* TASK OBJECTIVE:
Your task is to repeat the entries exactly. Leave the pictures out.

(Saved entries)
========================================================================

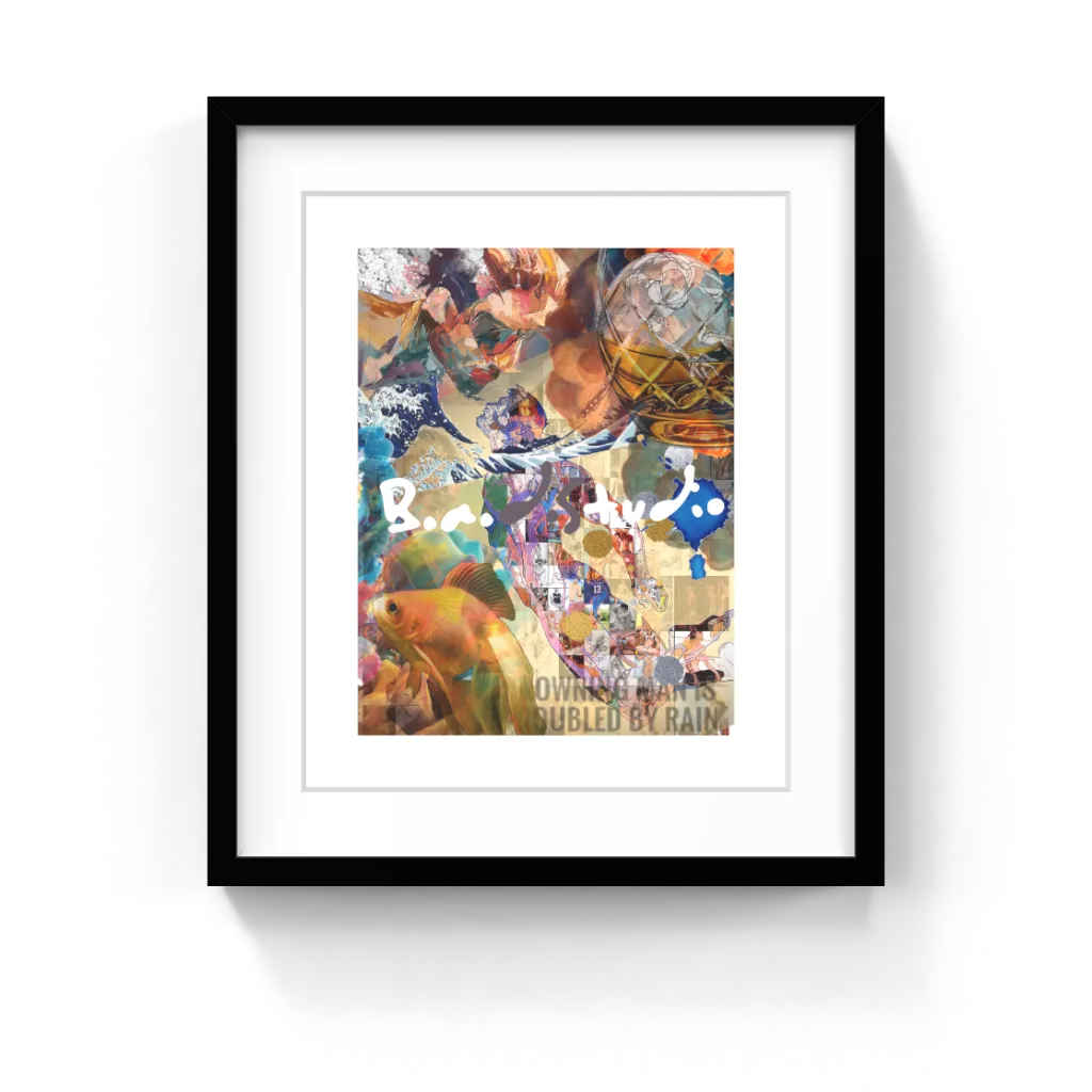 In the current art market, there is a growing appreciation for mixed media and collage works that convey complex narratives. "Drowning Man" fits well within this trend, appealing to collectors who value both aesthetic beauty and conceptual depth. The playful yet serious themes resonate with a diverse audience, increasing its marketability.
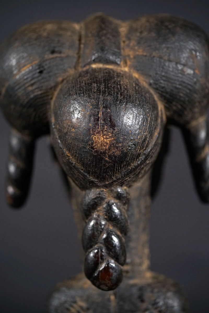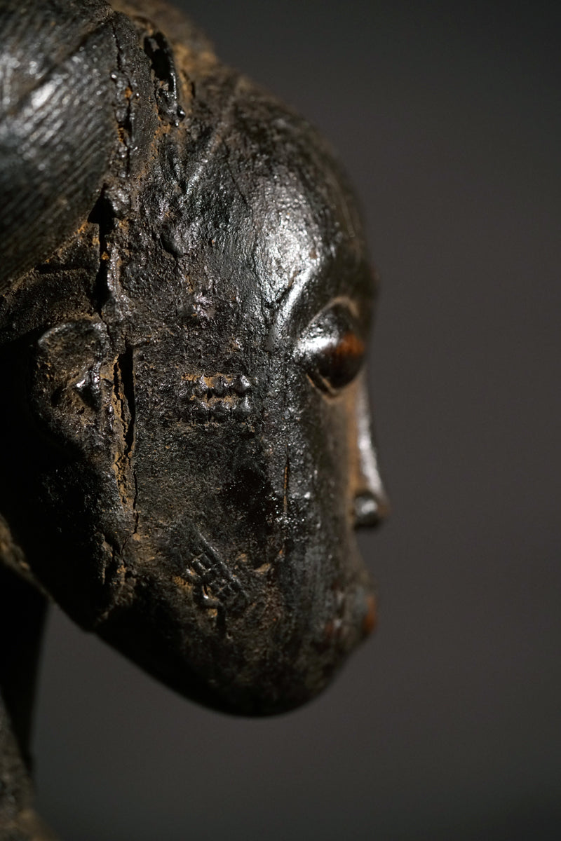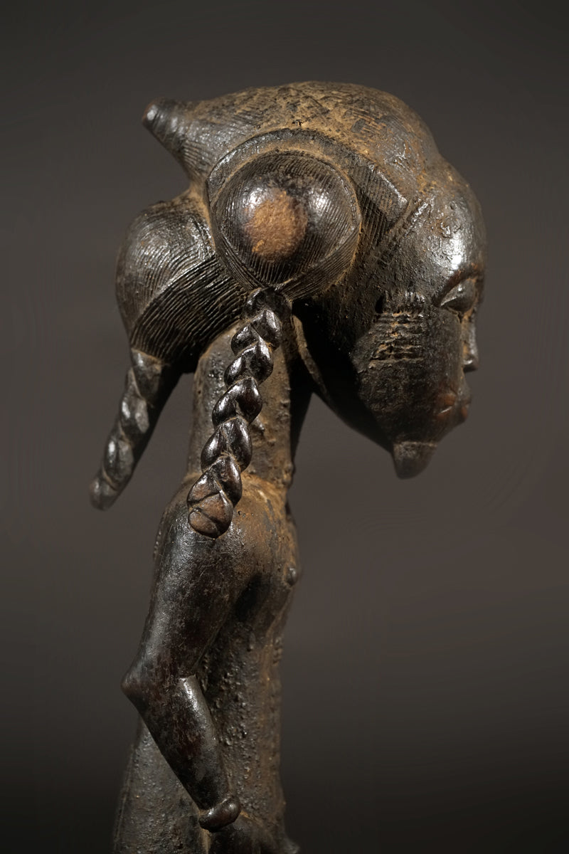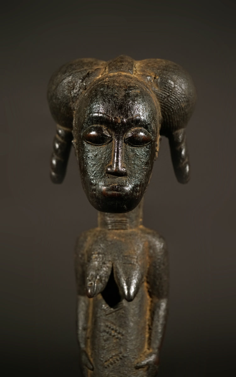A Baule couple, Ivory Coast, posted on one leg stools, the shortened legs ending up in prominent buttocks, the arms carved close to the body with hands touching the abdomen close to the pointed navel, a thick neck supporting large heads with domed coiffures with three pigtails at the back; encrusted patina, remnants of sacrifications, probably early 20th century.
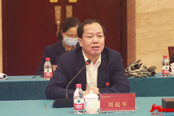 座談會(huì)上,劉起軍對(duì)謝衛(wèi)江一行來(lái)校調(diào)研表示熱烈歡迎,對(duì)省委、省政府對(duì)學(xué)校的關(guān)心支持表示衷心感謝。他介紹了學(xué)校成立歷史淵源、發(fā)展規(guī)模、現(xiàn)階段影響力等基本情況,從人才培養(yǎng)質(zhì)量、科學(xué)研究成果、服務(wù)發(fā)展能力、黨建思政工作等方面展示了我校近年來(lái)取得的豐碩成果,并闡述了我校未來(lái)的發(fā)展規(guī)劃。他表示,學(xué)校將進(jìn)一步堅(jiān)持立德樹(shù)人的根本任務(wù),深入推進(jìn)“雙一流”建設(shè),更好地服務(wù)湖南省“三高四新”戰(zhàn)略和現(xiàn)代化新湖南建設(shè)。
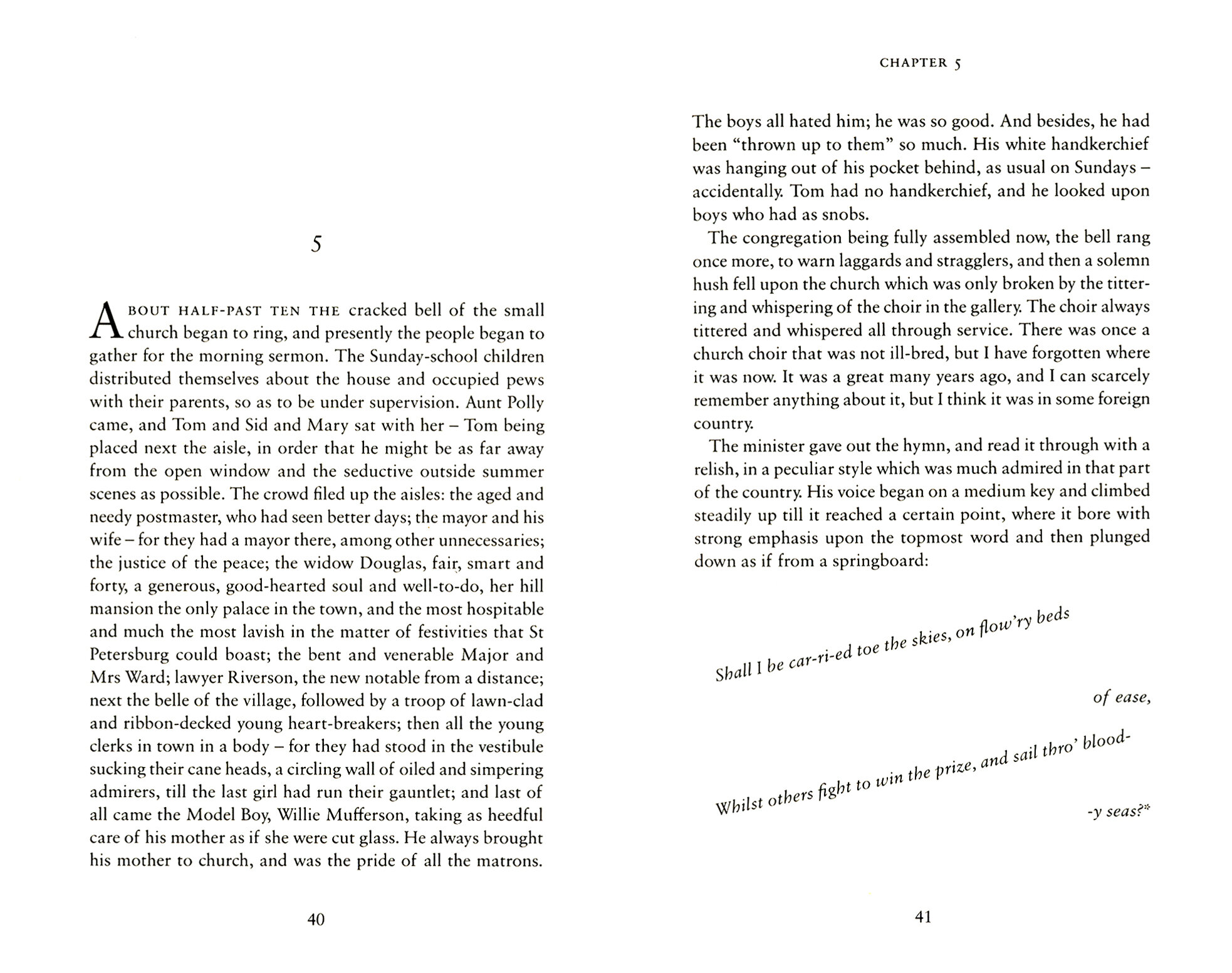 The Adventures of Tom Sawyer charts the escapades of a thirteen-year-old boy growing up on the banks of the Mississippi. Testing the patience of his aunt Polly, the bold and sharp-witted Tom Sawyer frequently skips school in search of excitement, and the scrapes he gets into with his friend Huckleberry Finn range from innocent japes to more serious events such as the witnessing of a murder.
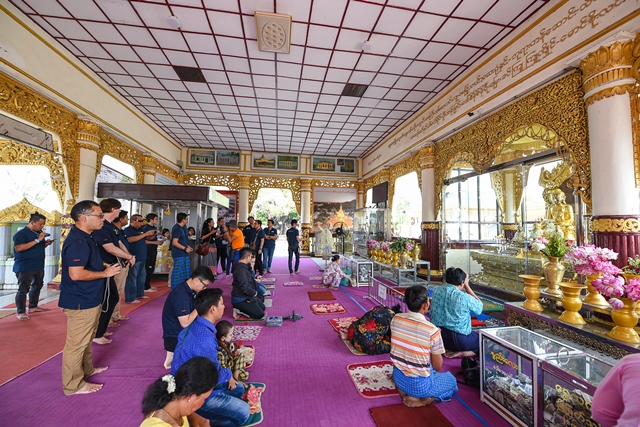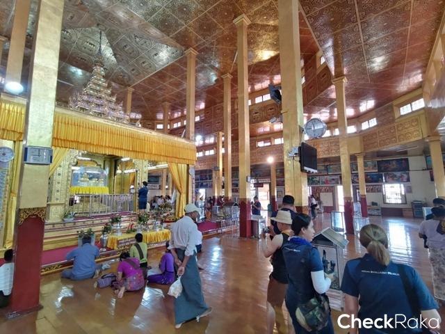 ต่อจากชมการจับปลา ก็นั่งเรือยาวๆ ไปไหว้พระที่มีประวัติความเป็นมาที่น่าอัศจรรย์ ณ วัดผ่องด่ออู่ ที่มีพระบัวเข็มอายุกว่า 1,000 ปี ตั้งแต่สมัยพุกาม โดยองค์พระทำจากไม้ แต่เดิมรูปทรงเป็นทรงพระพุทธรูปปกติ ด้วยการปิดทองคำเปลวเป็นระยะเวลานานมากๆ ทำให้รูปทรงเปลี่ยนไป (ดังรูป) ปัจจุบันห้ามปิดทองไปแล้ว
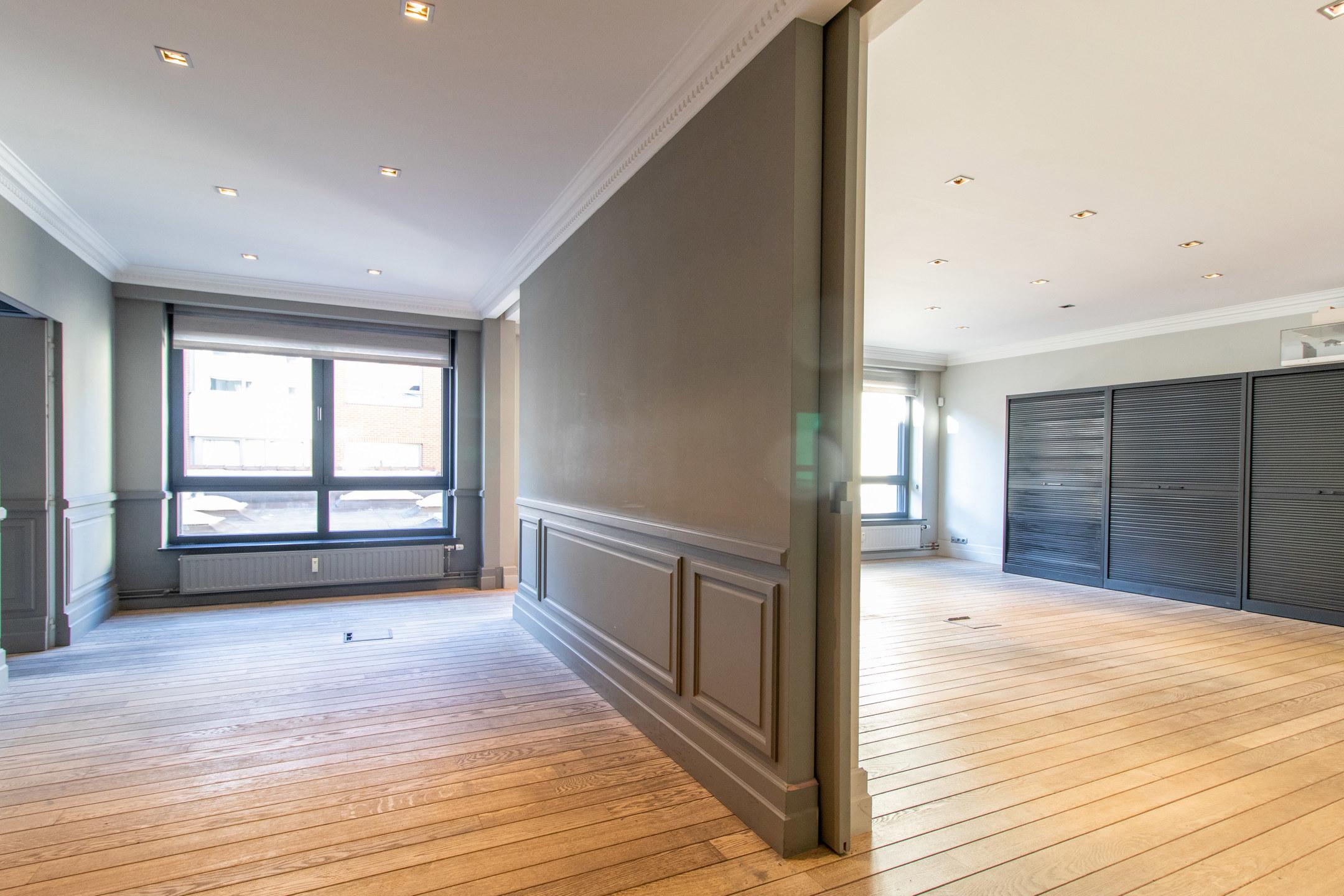 BRUXELLES, quartier Louise / Sablon. BUREAUX de ± 160m² idéalement situé au 1er étage d'un immeuble de caractère, à proximité des transports et commerces. Il se compose d'un hall d'entrée, premier bureau de ± 30m², deux toilettes séparée avec lave main, second bureau de ± 27m², spacieux espace ouvert de ± 31m², kitchenette, espace technique avec boiler individuel et salle de douche. RJ45. Alarme. Vidéophonie. Screen télécommandés. Emplacement de parking intérieur : +150€/mois. Provision de charges all-in : 450€/mois (Communs, Chauffage, eau et électricité). PI : 440€/mois. A découvrir chez L&P!
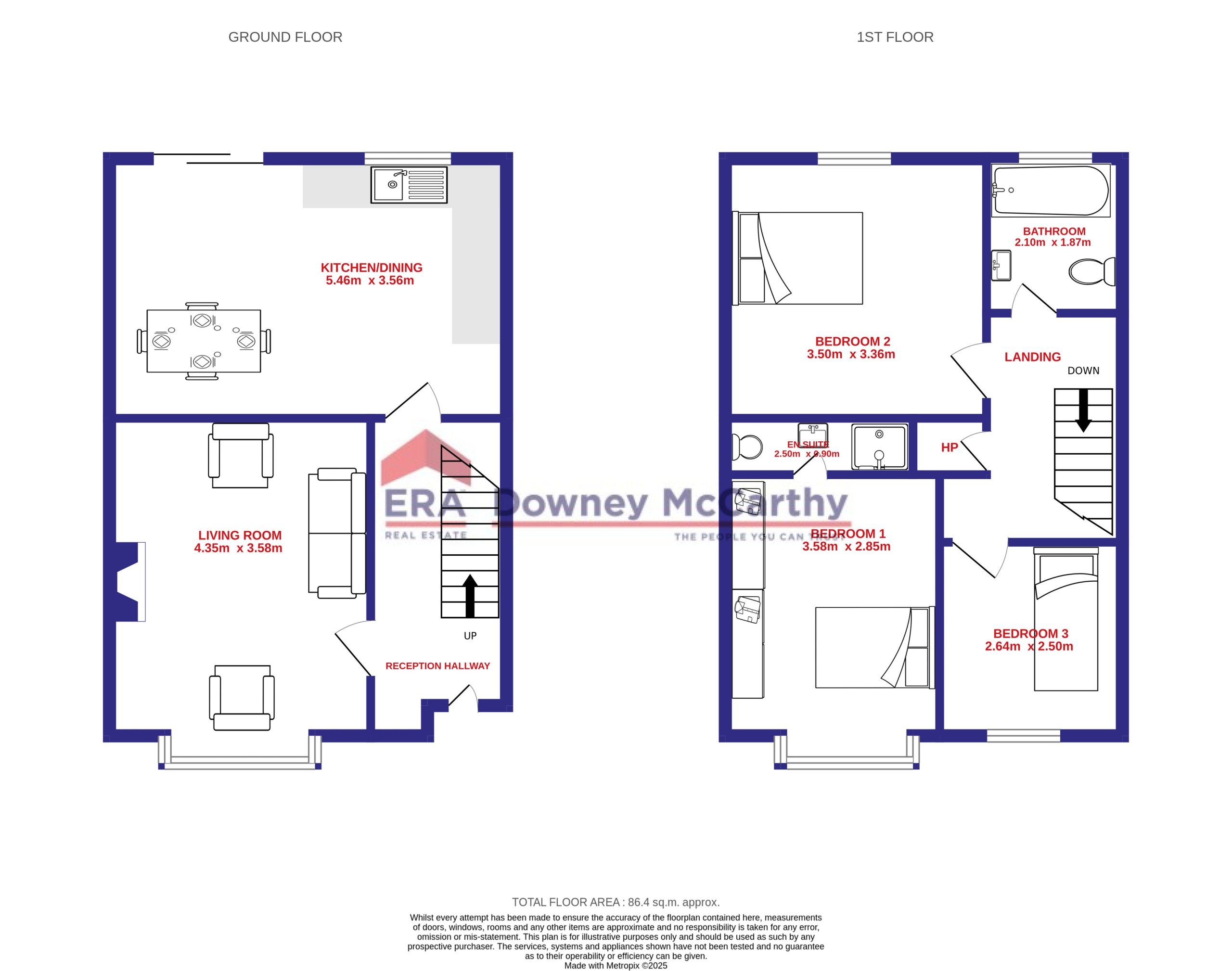 Accommodation consists of reception hallway, living room, and kitchen/dining area on the ground floor. Upstairs the property offers three spacious bedrooms, an en suite bathroom, and the main family bathroom.
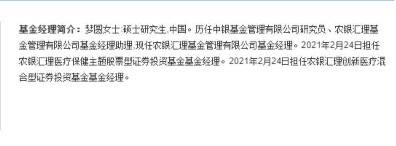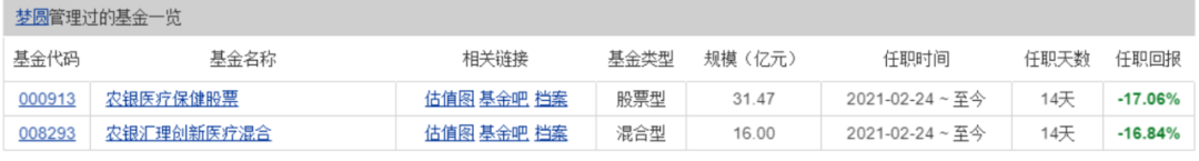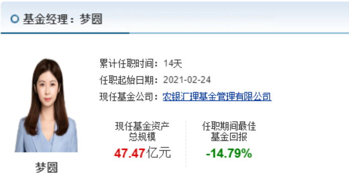从2021年2月24日担任农银汇理医疗保健和农银汇理创新医疗的基金经理算起,梦圆累计任职时间仅11个交易日,然而所管理的2只基金净值却下跌猛烈。统计数据显示,农银医疗保健股票、农银汇理创新医疗混合的最新净值分别为2.5879、1.4217,任期内的11个交易日内下跌了18.42%、18.09%,位列股票型基金倒数,同期的上证指数下跌7.66%。梦圆管理的2只基金总规模为47.47亿元,粗略估算,在任期间2只基金的浮亏近10亿元。
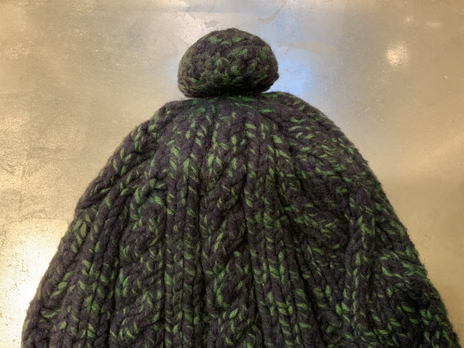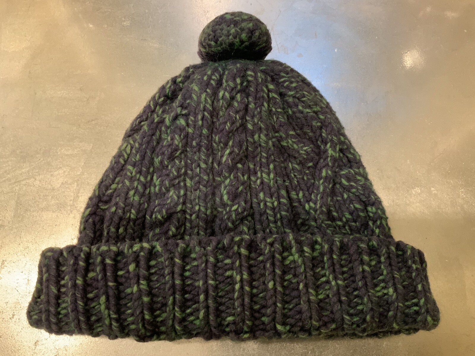 Chunky Knit Navy Blue Green Tweed Beanie Hat Pom Pom One Size
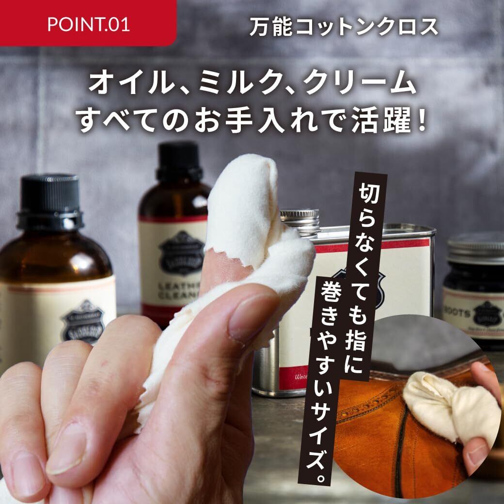 革靴、ブーツ、レザージャケット、グローブ、バッグ、財布などの革製品の汚れ落し、磨き上げ、ツヤだし、乾拭きなどオールマイティに使用できるクロスです。
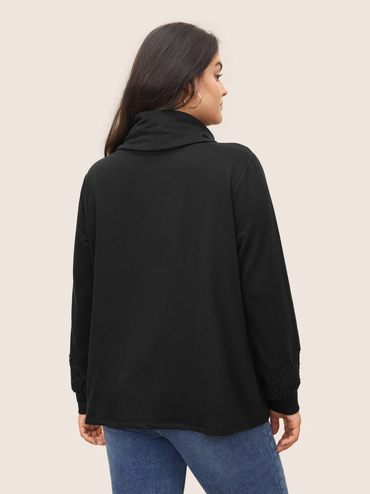 Plain Turtle Neck Crochet Lace Sweatshirt
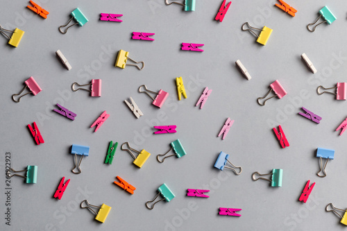 messy table with colorful pins and clothes pegs. top view photo. seamless pattern of small items

========================================================================

* ANSWER FOR THIS EXERCISE:
 In the current art market, there is a growing appreciation for mixed media and collage works that convey complex narratives. "Drowning Man" fits well within this trend, appealing to collectors who value both aesthetic beauty and conceptual depth. The playful yet serious themes resonate with a diverse audience, increasing its marketability.
A Baule couple, Ivory Coast, posted on one leg stools, the shortened legs ending up in prominent buttocks, the arms carved close to the body with hands touching the abdomen close to the pointed navel, a thick neck supporting large heads with domed coiffures with three pigtails at the back; encrusted patina, remnants of sacrifications, probably early 20th century.
 座談會(huì)上,劉起軍對(duì)謝衛(wèi)江一行來(lái)校調(diào)研表示熱烈歡迎,對(duì)省委、省政府對(duì)學(xué)校的關(guān)心支持表示衷心感謝。他介紹了學(xué)校成立歷史淵源、發(fā)展規(guī)模、現(xiàn)階段影響力等基本情況,從人才培養(yǎng)質(zhì)量、科學(xué)研究成果、服務(wù)發(fā)展能力、黨建思政工作等方面展示了我校近年來(lái)取得的豐碩成果,并闡述了我校未來(lái)的發(fā)展規(guī)劃。他表示,學(xué)校將進(jìn)一步堅(jiān)持立德樹(shù)人的根本任務(wù),深入推進(jìn)“雙一流”建設(shè),更好地服務(wù)湖南省“三高四新”戰(zhàn)略和現(xiàn)代化新湖南建設(shè)。
 The Adventures of Tom Sawyer charts the escapades of a thirteen-year-old boy growing up on the banks of the Mississippi. Testing the patience of his aunt Polly, the bold and sharp-witted Tom Sawyer frequently skips school in search of excitement, and the scrapes he gets into with his friend Huckleberry Finn range from innocent japes to more serious events such as the witnessing of a murder.
 ต่อจากชมการจับปลา ก็นั่งเรือยาวๆ ไปไหว้พระที่มีประวัติความเป็นมาที่น่าอัศจรรย์ ณ วัดผ่องด่ออู่ ที่มีพระบัวเข็มอายุกว่า 1,000 ปี ตั้งแต่สมัยพุกาม โดยองค์พระทำจากไม้ แต่เดิมรูปทรงเป็นทรงพระพุทธรูปปกติ ด้วยการปิดทองคำเปลวเป็นระยะเวลานานมากๆ ทำให้รูปทรงเปลี่ยนไป (ดังรูป) ปัจจุบันห้ามปิดทองไปแล้ว
 BRUXELLES, quartier Louise / Sablon. BUREAUX de ± 160m² idéalement situé au 1er étage d'un immeuble de caractère, à proximité des transports et commerces. Il se compose d'un hall d'entrée, premier bureau de ± 30m², deux toilettes séparée avec lave main, second bureau de ± 27m², spacieux espace ouvert de ± 31m², kitchenette, espace technique avec boiler individuel et salle de douche. RJ45. Alarme. Vidéophonie. Screen télécommandés. Emplacement de parking intérieur : +150€/mois. Provision de charges all-in : 450€/mois (Communs, Chauffage, eau et électricité). PI : 440€/mois. A découvrir chez L&P!
 Accommodation consists of reception hallway, living room, and kitchen/dining area on the ground floor. Upstairs the property offers three spacious bedrooms, an en suite bathroom, and the main family bathroom.
从2021年2月24日担任农银汇理医疗保健和农银汇理创新医疗的基金经理算起,梦圆累计任职时间仅11个交易日,然而所管理的2只基金净值却下跌猛烈。统计数据显示,农银医疗保健股票、农银汇理创新医疗混合的最新净值分别为2.5879、1.4217,任期内的11个交易日内下跌了18.42%、18.09%,位列股票型基金倒数,同期的上证指数下跌7.66%。梦圆管理的2只基金总规模为47.47亿元,粗略估算,在任期间2只基金的浮亏近10亿元。
 Chunky Knit Navy Blue Green Tweed Beanie Hat Pom Pom One Size
 革靴、ブーツ、レザージャケット、グローブ、バッグ、財布などの革製品の汚れ落し、磨き上げ、ツヤだし、乾拭きなどオールマイティに使用できるクロスです。
 Plain Turtle Neck Crochet Lace Sweatshirt
 messy table with colorful pins and clothes pegs. top view photo. seamless pattern of small items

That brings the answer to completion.